Exercise aim.
Among the records that follow, find the line with "Sexual dimorphism: males" and the line with "Visit to NIRD". Set down those lines and all lines between them exactly, without adding anything.

• • • •

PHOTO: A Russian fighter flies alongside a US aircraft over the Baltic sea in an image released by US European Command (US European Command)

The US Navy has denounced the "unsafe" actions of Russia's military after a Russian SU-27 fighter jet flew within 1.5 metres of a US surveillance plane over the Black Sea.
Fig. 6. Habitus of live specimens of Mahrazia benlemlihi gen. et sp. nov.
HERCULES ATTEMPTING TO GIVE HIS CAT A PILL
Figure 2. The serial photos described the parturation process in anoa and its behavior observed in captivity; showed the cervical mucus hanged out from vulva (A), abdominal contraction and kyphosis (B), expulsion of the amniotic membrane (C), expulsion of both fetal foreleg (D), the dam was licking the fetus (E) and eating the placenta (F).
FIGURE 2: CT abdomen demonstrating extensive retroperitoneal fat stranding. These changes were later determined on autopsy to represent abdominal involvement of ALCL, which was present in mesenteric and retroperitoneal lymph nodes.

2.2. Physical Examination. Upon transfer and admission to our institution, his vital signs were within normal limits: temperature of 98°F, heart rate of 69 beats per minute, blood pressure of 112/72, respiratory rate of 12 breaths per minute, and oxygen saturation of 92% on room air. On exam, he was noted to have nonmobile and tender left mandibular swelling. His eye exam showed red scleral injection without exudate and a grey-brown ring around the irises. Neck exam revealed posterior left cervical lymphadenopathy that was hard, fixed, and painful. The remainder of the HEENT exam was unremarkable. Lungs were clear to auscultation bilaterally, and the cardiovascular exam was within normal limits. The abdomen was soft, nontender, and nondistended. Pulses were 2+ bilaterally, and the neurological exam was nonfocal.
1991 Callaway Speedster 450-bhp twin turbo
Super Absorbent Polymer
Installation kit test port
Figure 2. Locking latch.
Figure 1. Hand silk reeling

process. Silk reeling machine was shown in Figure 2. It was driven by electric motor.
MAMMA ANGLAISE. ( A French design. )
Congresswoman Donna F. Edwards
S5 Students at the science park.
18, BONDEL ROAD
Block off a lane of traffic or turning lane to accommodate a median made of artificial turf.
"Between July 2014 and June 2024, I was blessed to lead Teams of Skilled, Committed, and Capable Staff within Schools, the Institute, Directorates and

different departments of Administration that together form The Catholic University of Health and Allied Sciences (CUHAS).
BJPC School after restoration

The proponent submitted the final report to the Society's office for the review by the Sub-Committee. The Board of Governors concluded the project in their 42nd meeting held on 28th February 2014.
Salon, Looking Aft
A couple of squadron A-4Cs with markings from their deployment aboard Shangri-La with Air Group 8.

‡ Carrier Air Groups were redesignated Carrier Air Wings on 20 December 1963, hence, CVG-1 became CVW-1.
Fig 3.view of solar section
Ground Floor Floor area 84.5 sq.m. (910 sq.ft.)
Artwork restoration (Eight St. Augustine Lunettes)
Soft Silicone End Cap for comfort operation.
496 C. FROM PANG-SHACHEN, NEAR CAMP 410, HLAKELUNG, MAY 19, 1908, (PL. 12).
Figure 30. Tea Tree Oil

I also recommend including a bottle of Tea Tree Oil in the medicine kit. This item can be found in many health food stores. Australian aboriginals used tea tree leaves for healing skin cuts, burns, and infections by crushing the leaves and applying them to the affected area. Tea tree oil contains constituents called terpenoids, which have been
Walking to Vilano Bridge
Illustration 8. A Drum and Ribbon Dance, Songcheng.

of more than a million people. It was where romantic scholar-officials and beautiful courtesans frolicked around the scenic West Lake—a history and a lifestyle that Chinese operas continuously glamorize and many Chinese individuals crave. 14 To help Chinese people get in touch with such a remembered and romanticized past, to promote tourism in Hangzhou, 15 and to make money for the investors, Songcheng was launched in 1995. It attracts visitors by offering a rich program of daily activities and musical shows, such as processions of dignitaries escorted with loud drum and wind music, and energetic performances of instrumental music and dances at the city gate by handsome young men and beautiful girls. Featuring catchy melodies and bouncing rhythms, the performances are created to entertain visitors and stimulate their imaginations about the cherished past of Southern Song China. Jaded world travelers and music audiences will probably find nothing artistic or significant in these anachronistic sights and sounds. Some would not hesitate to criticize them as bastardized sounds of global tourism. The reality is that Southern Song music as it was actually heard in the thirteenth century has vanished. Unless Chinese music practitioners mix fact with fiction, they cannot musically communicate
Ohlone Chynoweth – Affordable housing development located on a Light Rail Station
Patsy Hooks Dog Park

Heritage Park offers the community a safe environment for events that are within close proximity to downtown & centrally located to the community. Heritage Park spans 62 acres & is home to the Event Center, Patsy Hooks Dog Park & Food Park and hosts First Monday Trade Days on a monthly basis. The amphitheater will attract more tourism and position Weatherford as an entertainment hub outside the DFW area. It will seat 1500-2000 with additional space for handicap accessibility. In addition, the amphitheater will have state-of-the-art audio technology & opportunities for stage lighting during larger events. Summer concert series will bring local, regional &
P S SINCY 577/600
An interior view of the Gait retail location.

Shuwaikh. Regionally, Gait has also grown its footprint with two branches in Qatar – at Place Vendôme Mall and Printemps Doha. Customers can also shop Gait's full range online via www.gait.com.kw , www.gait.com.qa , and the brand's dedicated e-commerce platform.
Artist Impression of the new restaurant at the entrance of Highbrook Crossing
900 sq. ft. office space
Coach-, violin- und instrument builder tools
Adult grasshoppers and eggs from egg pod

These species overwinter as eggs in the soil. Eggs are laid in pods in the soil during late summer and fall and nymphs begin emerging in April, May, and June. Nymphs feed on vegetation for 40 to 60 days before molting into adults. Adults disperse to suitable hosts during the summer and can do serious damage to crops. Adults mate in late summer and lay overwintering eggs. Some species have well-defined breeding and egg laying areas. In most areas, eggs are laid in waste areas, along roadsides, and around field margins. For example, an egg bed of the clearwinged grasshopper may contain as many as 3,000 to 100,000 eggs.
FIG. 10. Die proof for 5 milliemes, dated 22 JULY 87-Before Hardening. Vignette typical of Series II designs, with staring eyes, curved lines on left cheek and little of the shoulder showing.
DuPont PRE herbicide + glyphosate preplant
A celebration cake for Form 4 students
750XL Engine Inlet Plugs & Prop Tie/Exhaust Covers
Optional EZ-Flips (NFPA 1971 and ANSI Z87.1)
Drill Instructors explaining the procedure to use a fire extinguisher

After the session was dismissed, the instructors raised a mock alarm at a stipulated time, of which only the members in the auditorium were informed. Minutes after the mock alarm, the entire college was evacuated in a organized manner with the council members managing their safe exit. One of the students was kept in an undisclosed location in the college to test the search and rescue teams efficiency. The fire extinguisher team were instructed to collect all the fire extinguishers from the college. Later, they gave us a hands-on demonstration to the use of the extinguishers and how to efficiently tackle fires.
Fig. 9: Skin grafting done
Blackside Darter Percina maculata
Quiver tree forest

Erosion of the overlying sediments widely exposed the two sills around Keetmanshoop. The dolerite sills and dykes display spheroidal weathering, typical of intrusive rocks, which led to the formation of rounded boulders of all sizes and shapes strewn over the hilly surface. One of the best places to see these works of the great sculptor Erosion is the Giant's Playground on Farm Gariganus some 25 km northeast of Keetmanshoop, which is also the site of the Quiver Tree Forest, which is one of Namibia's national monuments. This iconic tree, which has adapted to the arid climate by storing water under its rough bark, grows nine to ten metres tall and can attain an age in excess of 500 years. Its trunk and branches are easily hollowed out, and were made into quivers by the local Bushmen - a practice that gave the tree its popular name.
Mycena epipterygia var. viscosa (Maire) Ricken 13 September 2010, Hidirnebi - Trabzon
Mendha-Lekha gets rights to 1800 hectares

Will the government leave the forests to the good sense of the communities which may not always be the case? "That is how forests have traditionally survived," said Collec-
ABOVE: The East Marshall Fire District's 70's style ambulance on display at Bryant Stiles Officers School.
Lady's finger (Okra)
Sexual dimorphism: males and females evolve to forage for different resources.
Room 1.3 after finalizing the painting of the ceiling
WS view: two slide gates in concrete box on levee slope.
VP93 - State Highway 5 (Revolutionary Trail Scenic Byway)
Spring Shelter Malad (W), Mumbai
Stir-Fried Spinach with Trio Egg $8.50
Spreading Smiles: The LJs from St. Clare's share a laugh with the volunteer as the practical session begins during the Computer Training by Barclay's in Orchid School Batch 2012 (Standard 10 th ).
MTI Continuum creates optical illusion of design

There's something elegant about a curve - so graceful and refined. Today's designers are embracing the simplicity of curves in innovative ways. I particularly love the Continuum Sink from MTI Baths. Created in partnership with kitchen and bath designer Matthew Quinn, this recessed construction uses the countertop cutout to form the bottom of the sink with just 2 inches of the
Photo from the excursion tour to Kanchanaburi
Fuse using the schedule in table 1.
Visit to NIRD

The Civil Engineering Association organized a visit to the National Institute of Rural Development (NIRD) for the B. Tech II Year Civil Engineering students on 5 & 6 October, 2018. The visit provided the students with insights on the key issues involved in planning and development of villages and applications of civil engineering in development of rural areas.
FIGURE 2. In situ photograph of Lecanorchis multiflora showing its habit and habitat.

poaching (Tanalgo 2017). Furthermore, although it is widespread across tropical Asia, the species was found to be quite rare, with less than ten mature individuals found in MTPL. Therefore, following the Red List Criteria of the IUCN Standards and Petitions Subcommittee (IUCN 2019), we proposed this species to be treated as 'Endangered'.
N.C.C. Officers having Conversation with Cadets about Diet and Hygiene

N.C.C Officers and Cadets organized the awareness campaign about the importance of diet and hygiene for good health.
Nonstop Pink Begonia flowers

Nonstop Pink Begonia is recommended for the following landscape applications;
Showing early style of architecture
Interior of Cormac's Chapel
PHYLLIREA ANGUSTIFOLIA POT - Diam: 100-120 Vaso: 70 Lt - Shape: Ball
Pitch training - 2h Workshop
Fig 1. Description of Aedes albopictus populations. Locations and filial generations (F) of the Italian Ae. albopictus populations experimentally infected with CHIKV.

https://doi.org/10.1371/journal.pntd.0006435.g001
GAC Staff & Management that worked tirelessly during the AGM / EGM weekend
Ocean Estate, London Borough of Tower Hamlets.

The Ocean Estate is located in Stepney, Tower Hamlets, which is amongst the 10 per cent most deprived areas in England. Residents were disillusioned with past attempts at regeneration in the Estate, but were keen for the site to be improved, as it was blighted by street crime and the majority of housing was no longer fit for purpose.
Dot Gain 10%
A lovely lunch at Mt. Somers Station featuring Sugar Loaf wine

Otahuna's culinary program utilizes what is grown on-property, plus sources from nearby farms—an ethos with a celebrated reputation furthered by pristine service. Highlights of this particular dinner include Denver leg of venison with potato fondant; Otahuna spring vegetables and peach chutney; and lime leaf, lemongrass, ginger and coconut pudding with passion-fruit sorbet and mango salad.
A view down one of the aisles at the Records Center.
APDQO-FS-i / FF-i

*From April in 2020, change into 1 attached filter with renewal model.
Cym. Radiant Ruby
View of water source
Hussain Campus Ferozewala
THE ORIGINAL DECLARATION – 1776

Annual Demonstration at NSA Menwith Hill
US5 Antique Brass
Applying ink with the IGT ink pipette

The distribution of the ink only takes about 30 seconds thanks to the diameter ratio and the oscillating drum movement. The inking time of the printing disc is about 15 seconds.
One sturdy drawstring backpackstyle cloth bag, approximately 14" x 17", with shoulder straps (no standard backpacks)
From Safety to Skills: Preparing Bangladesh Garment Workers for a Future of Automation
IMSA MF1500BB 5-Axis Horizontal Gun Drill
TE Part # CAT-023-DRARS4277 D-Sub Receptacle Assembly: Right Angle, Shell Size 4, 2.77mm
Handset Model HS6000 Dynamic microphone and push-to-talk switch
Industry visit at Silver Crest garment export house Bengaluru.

• • • •

Answer section.
Sexual dimorphism: males and females evolve to forage for different resources.
Room 1.3 after finalizing the painting of the ceiling
WS view: two slide gates in concrete box on levee slope.
VP93 - State Highway 5 (Revolutionary Trail Scenic Byway)
Spring Shelter Malad (W), Mumbai
Stir-Fried Spinach with Trio Egg $8.50
Spreading Smiles: The LJs from St. Clare's share a laugh with the volunteer as the practical session begins during the Computer Training by Barclay's in Orchid School Batch 2012 (Standard 10 th ).
MTI Continuum creates optical illusion of design

There's something elegant about a curve - so graceful and refined. Today's designers are embracing the simplicity of curves in innovative ways. I particularly love the Continuum Sink from MTI Baths. Created in partnership with kitchen and bath designer Matthew Quinn, this recessed construction uses the countertop cutout to form the bottom of the sink with just 2 inches of the
Photo from the excursion tour to Kanchanaburi
Fuse using the schedule in table 1.
Visit to NIRD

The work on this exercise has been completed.